Grandparents can be really wonderful. Children lucky enough to have grandparents in their lives often experience a love like no other. We sometimes hear grandparents joke that having grandkids is great because they get to spoil them and give them back to mom and dad. These are endearing moments that can warm hearts.
While it is lovely to be with a grandparent, there needs to be an understanding between the parents and grandparents about the children and how the parents are raising them. For some, this might be a reminder that a diet exclusively of candy and ice cream while at grandma and grandpa's is not OK. Others may want to talk about rules about screens and play. And, of course, there are discipline methods, which for one family means absolutely no hitting.
A mom and dad of an autistic child are having an issue with grandma. Their son got excited while playing recently and bit his grandmother, and in return, she smacked him. His parents were enraged and told her that her reaction was totally inappropriate and that she should never hit their child again. She disagreed and said that she would do as she pleased. Now the parents want to cut her off until she can treat their child as they see fit. Is that unreasonable?
The grandmother is around a lot.
The child's mom, OP, posted on Mumsnet's Am I Being Unreasonable forum because she is not OK with her mother-in-law's reaction to her child. MIL is at their home several times weekly and is quite familiar with the child's autism and behaviors.
Recently, the two were playing, and he got overly excited, accidentally biting her. She smacked him on the back, hard, and told him not to bite. He was terrified and just wanted to go home.
"When I went to help DS get ready to leave, DH called her out on it," she wrote. "He said that he understood that it may have been an old habit/instant reaction, however we do not hit DS and to please never do that again. She told them they can parent how they want, but that she'll discipline as she sees fit."
The parents are annoyed.
OP's husband told her what his mom said when they got home, and she was distraught. They sat down with their son and explained that biting is wrong, but so is hitting, and if anyone touched him again, to let them know right away.
"DH has said that if it ever happens again that it will be the last time she sees us, however I now feel very uncomfortable. I would maybe agree if she'd apologised however it feels like a looming threat that she will 'discipline as she sees fit,' Am I overreacting? Would you give her a second chance?" OP asked.
This is her grandson, not her son.
AIBU forum members quickly pointed out that this is a grandmother, not a mother, she has no right to hit someone else's child.
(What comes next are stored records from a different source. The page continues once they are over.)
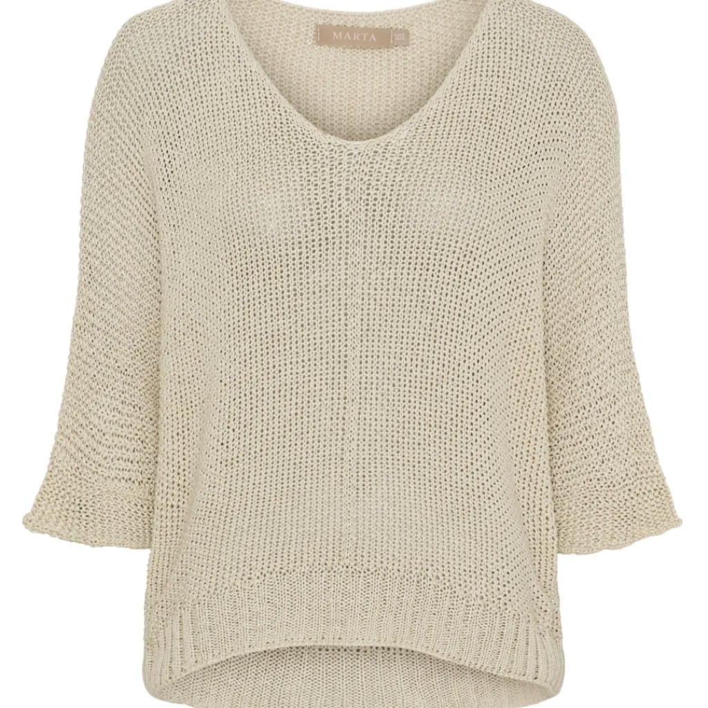 Super fin strik med 3/4 ærmer fra Marta. Strikken er rundhalset og har loose fit ærmer, og kan fint styles med en basis top under.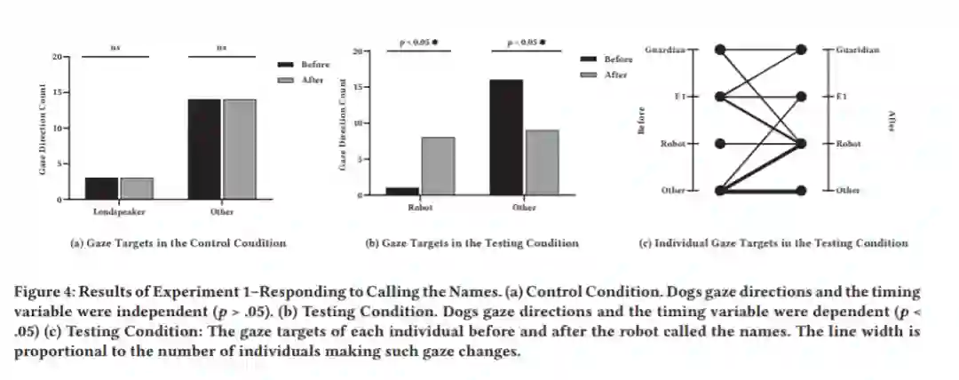 观察到的行为即:狗将机器人视为人类代理人,机器人的行为创造了对狗的指挥压力,或者机器人提供的多模态(即语言和视觉)反馈,比人类的指挥指令更为稳定。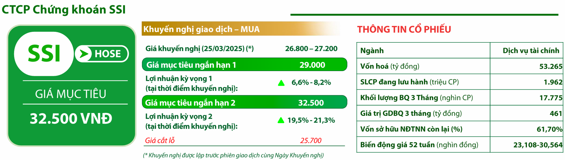 Bước sang năm 2025, SSI đặt mục tiêu doanh thu 9.695 tỷ đồng và lợi nhuận trước thuế 4.252 tỷ đồng, tăng trưởng lần lượt 15% và 20% so với năm 2025. Với hệ thống vốn mạnh, danh mục đầu tư ổn định, khả năng sinh lời cao và sự mở rộng vai trò trong mảng tư vấn doanh nghiệp – nổi bật là thương vụ chào bán 300 triệu cổ phiếu của Becamex IDC (dự kiến đấu giá vào ngày 28/04/2025) – SSI duy trì vị thế dẫn đầu và được kỳ vọng là một trong những bên hưởng lợi chính nếu thị trường duy trì thanh khoản tích cực.

"I'm so sorry that this is something you have to deal with, it must be really awful," one person wrote. "If it was me on your situation, I'd feel very uncomfortable letting my MIL anywhere near my DS, especially after hearing the 'discipline as I see fit' remark. What's your gut reaction, cos mine would be to stay away?"
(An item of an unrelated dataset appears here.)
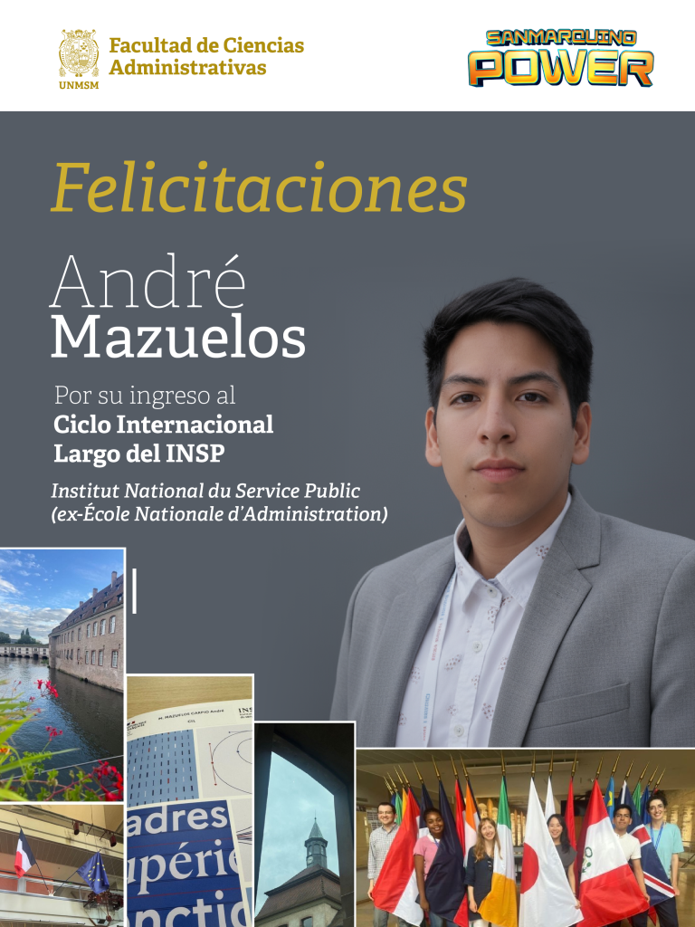 La Facultad de Ciencias Administrativas (FCA) de la Universidad Nacional Mayor de San Marcos (UNMSM), expresa su felicitación a André Alejandro Mazuelos Carpio, egresado de la Escuela Profesional de Administración de Negocios Internacionales, por haber logrado su ingreso al destacado programa “Ciclo Internacional Largo” del Institut National du Service Public, INSP (ex-École Nationale d’Administration) en Francia.

"Nobody should be openly saying 'I'll do it again if I feel justified' when it comes to belting a child and that's basically what she's saying," someone agreed.
"Well he isn't her child to discipline as she sees fit!!!" another person pointed out. "Can you DH sit her down when the whole thing is less on the boil and talk to her?"
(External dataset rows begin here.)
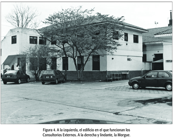 La perspectiva del espacio del servicio hospitalario para estos profesionales asumidos como "psicoanalistas" era la de dos ámbitos separados, diferenciados, opuestos: uno familiar, los consultorios externos, y otro extraño o ajeno, la sala de internación, frecuentemente subsumida en el resto del hospital. La estructura arquitectónica del servicio contribuía fuertemente a afianzar esta concepción. cualquier visitante desprevenido que se dirigiese al servicio no tendría modo de saber que no se trataba de una sola unidad arquitectónica, sino de dos. Luego, enterado, podría no percatarse de la existencia de un acceso diferente para cada una. casi con seguridad, encontraría sin problemas el sector de "internación": ingresaría por la puerta principal, ascendería por una escalera central o por alguno de los ascensores y caminaría hacia la derecha, en dirección opuesta a la de una capilla ubicada en una de las alas. Pero se sorprendería de no poder encontrar allí los consultorios externos. Lo primero que haría sería preguntar en qué piso del hospital están. La respuesta pondría en evidencia la futilidad de su consulta: no estaban dentro del edificio principal, sino fuera del mismo. Entonces, bajaría nuevamente, saldría a la playa de estacionamiento, pasaría delante de los pequeños edificios de la morgue y de anatomía patológica y, finalmente, los ubicaría junto a éstos (figura 3). pronto advertiría que para llegar a ellos no necesitaba ingresar por la puerta principal y atravesar toda la planta baja del edificio, sino simplemente entrar por la puerta de entrada de vehículos. Esta disposición acentuaba la imagen de autonomía de los consultorios externos (figura 4).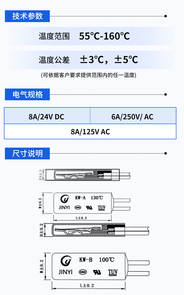 8CMサーマルプロテクターは、センサータ2-16Aモーターの50-180度温度制御スイッチに代わるもので、高精度の温度制御を実現します。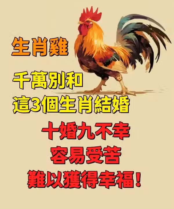 生肖雞千萬別和這3個生肖結婚,十婚九不幸,容易受苦,難以獲得幸福!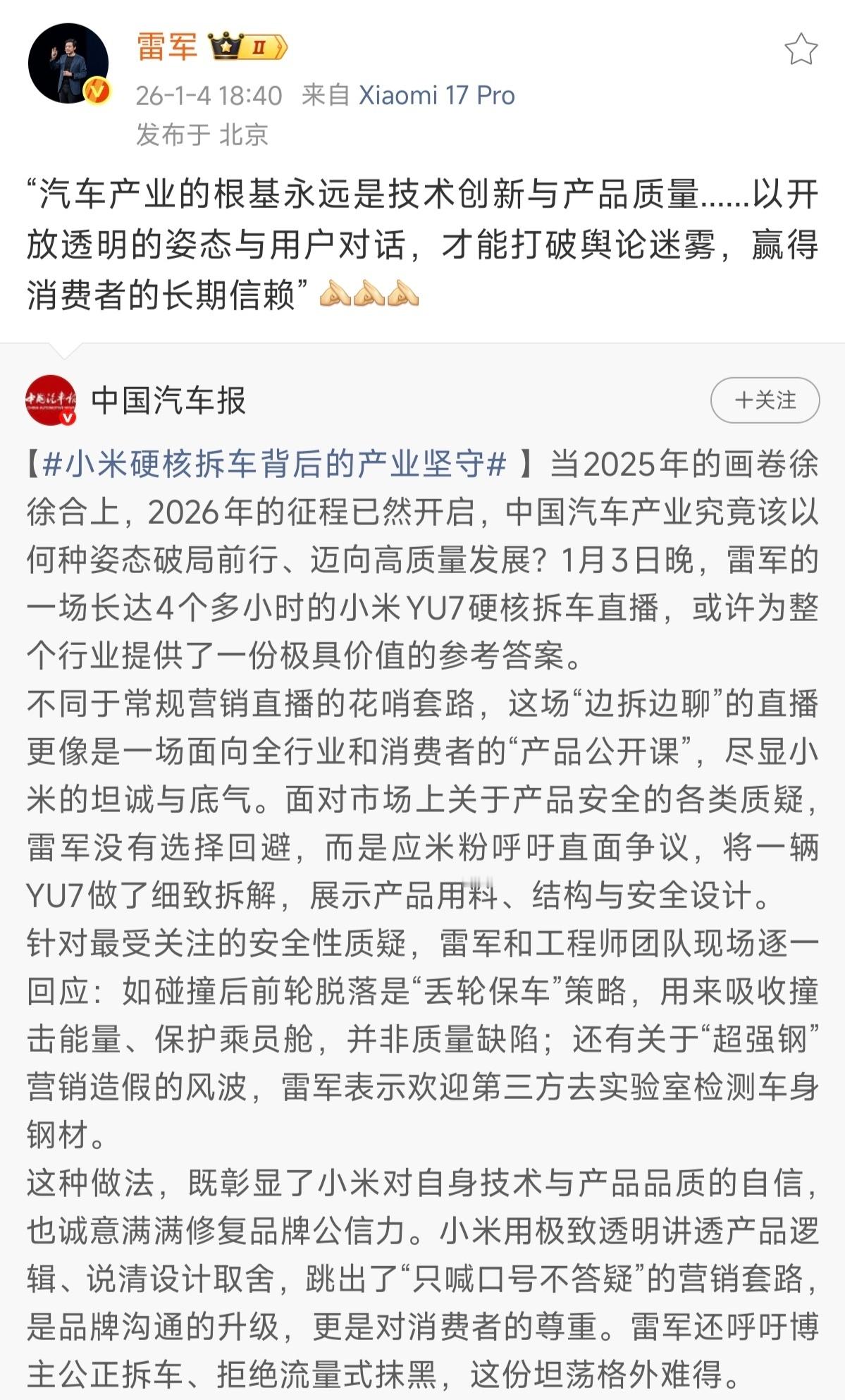 小米硬核拆车背后的产业坚守“直播拆车”这事,背后是小米足够扎实的底气和实力。小米汽车本就处于“放大镜挑刺”的舆论环境中,这次新年直播雷总亲自下场,以“放大镜”的直播视角带网友们亲眼见证小米汽车的内核,每一环都拆开拆碎讲清楚——以「真实」击碎一切虚无的质疑,这是对负面舆论最有效、最正面的回应。如此公开透明的直播形式的确在汽车行业难能可贵。用户能清晰地知晓产品的每一处细节,小米也能以事实回应网络舆论,这是小米对自家产品的高度自信,更是对用户、对车主负责尽责的体现。一个好的产品营销从不是空口说白话,而是要落到“事实”、落到“细节”,这是小米自始至终对“与用户交朋友”理念的坚守,更是值得全行业学习与跟进的路径。希望行业内这样的“拆车直播”应该会越来越多,毕竟“讲清事实、展示真本领”才是硬道理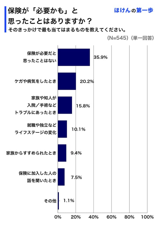 保険未加入者に対して、「保険が必要かも」と考えたことがあるかを調査したところ、約64%の人が必要かもしれないと思ったことがあると回答しました。そのタイミングは「ケガや病気をしたとき」「家族や知人が入院・手術などのトラブルにあったとき」が最も多く、実際のリスクに直面した際に保険の必要性を実感していることがわかります。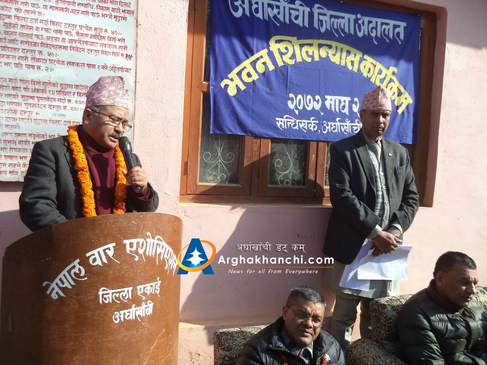 साढे दुई तले भवनको शिलन्याशमा पुनरावेदन अदालत बुटवलका मुख्य न्यायाधीश शारदाप्रसाद घिमिरे सहितको् टोली सहभागी थिए । ०५९ र ०६१ को तत्कालिन माओवादी आक्रमणमा सबै मिसिल जलेर नष्ट भएको श्रेष्तेदार भीमप्रसाद भुसालले बताए । आक्रमणमा अदालतको भवन बाहेक सबै सरकारी कार्यालय ध्वस्त भएका थिए ।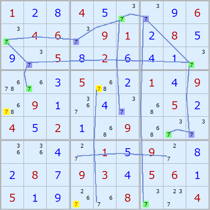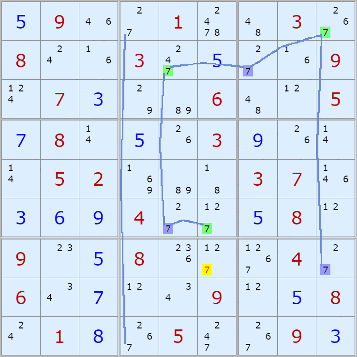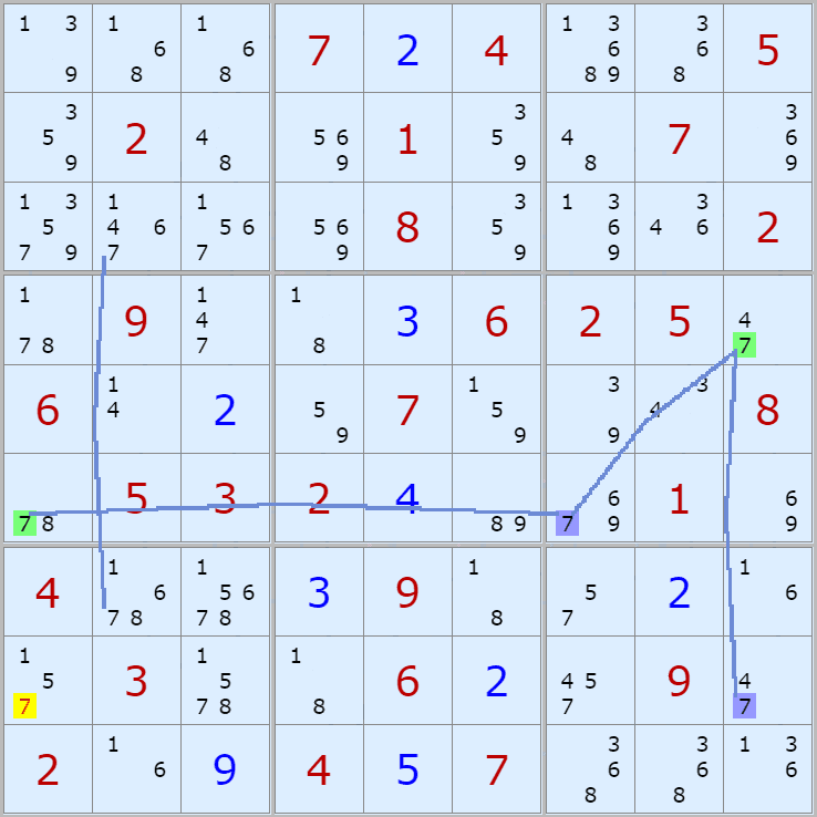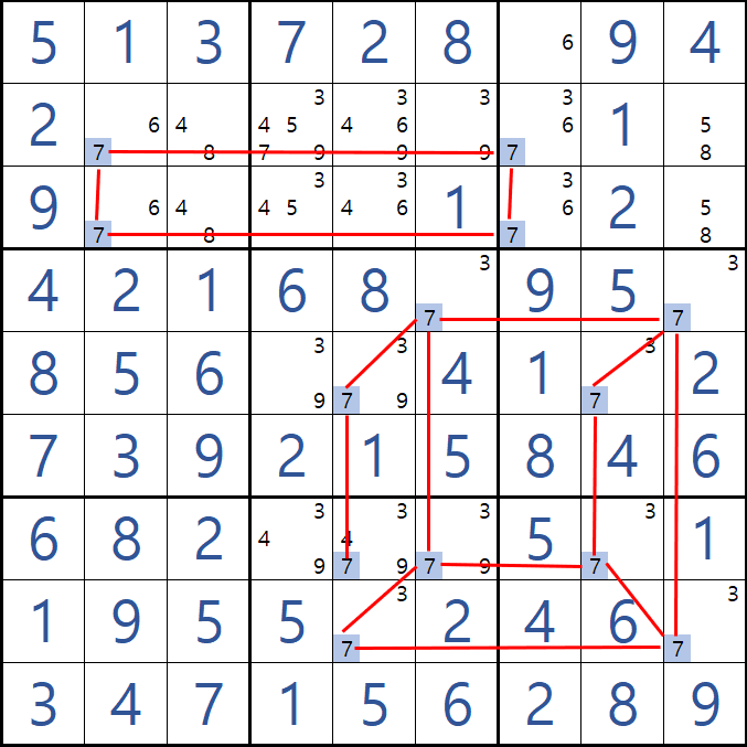또한 체인을 이루는 행과 열에는 동일한 후보숫자 7이 올수 없음을 직관적으로 알 수 있다. 위의 그림에서 하부의 링크들을 보면 젤리 피쉬의 형태임을 알 수 있다.

"I would imagine that if she felt terrible, she would apologise," noted one person. "However this grandmother says openly that she would do it again. Sounds unrepentant to me."
Only some people think that the grandmother is wrong.
A few commenters felt like OP was using her son's autism as an excuse, and that is not OK with them.
"Explain to your kid that if you hurt people, they may hurt you worse," someone commented. "That is life. Why should kids with autism get a free pass all the time? I remember years ago in a shop. I was sexually assaulted by a young man. He grabbed my a—. I turned around and his mum said 'I'm sorry, he is autistic' as if I was supposed to say 'oh OK that is fine then.'"
"This type of thing needs to stop," one commenter wrote. "Your mil was assaulted and you're mad at her for retaliating? Have a word with yourself. Today he bit. He will grow up thinking no consequences and will only escalate. I fear for women in the future. Assault is not OK. Your mil acted in self defence and I don't blame her!"
Others argue parenting a child with autism is more complicated than people think.
"Amazing how many people without autistic children think they're experts on it!" noted one commenter. "You don't just 'sort' an autistic kids out! It's extremely hard work being a parent, a parent of an autistic child more so. All the ignorant judging of others just makes it even harder!"
This is a challenging situation all around.
Almost everyone in the forum agreed that hitting a child is wrong and the grandmother shouldn't go against a parent's wishes. But plenty of people feel that the parents weren't doing their part and are playing victims.
Some think the family needs to sit down, air their grievances, and hopefully devise a plan everyone agrees on and respects. Cutting the grandmother off from her family should be the absolute last resort.